Business Communication Tips
Having a better idea on the “savoir vivre” when it comes to business communication with investors, it might be a good idea to also mention a few generic tips:
- Honesty - Most experienced investors will notice your level of honesty from the first few meetings. They are people as well, which means that honesty and transparency are the foundations of your relationship.
- Wrap bad news into exciting opportunities - If problems arise, don’t hide them. Instead, try to find a solution that will help you leverage the situation to make the most out of it.
- Recognize their Value - You are not the only one who wants to receive a compliment. Knowing how to show your appreciation for both the support you receive will take you a long way.
- Listen to their Concerns - Let’s face it, the concerns of investors are often uhm… inflated! However, they have a stake in your success and will thus push you towards it. Therefore, make sure you step in their shoes and try to understand their concerns. If they do not make sense, try to use common sense to manage expectations.
- Be Open to their Ideas - In other words, try to tame your ego. Don’t discard advice or suggestions thinking you know better. You will always learn from others who have walked the talk if you simply adopt an open minded approach to it.

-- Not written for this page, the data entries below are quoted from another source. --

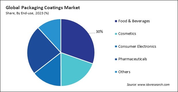 Based on end-use, the market is divided into food & beverages, cosmetics, pharmaceuticals, consumer electronics, and others. In 2023, the cosmetics segment witnessed a 19.5% revenue share in the market. In terms of volume, the segment attained 266.8 kilo tonnes in 2023. These coatings play a crucial role in elevating the aesthetics of cosmetic packaging, enhancing the tactile feel, visual impact, and perceived value of beauty and personal care products.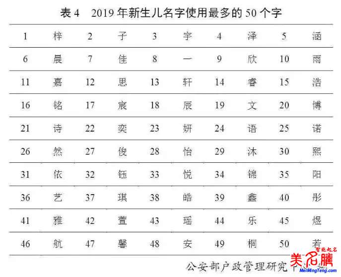 2019年出生并已經(jīng)進(jìn)行戶籍登記的新生兒名字中,使用頻率最高的50個(gè)字依次為: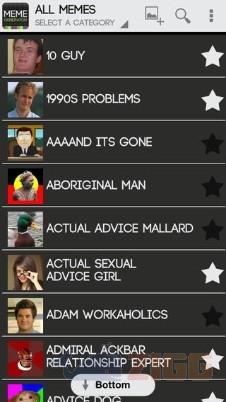 Criar seus memes no Meme Generator Free é bem fácil e descomplicado. Ao abrir o aplicativo você já visualiza uma lista com as imagens de memes que você pode usar. Na barra superior da interface do app você pode escolher as categorias de memes para ver ou buscar pelo nome da imagem desejada. Note que, ao lado de cada meme há um ícone de uma estrela, que serve para você marcar os seus favoritos e facilitar na hora de criar novos memes.

- Edit and Proofread - Before sending anything in writing, read things through, especially when it comes to emails. This does not only refer to the information you want to pass to investors, but also the way things are written.
Investors need to know what’s going on in your business, and you need to know the length to which investors are willing to help. They are your partners and should be among the first people you turn to when you run into problems you’re struggling to solve. Each time you communicate, you’re building confidence that they can trust with their money.
You want to develop a relationship built on honesty and transparency to ensure future investments as well. After all, only a third of seed-funded startups get subsequent Series A funding. The better your communication with investors, the better chance you have to get follow-up financing and to make your business succeed.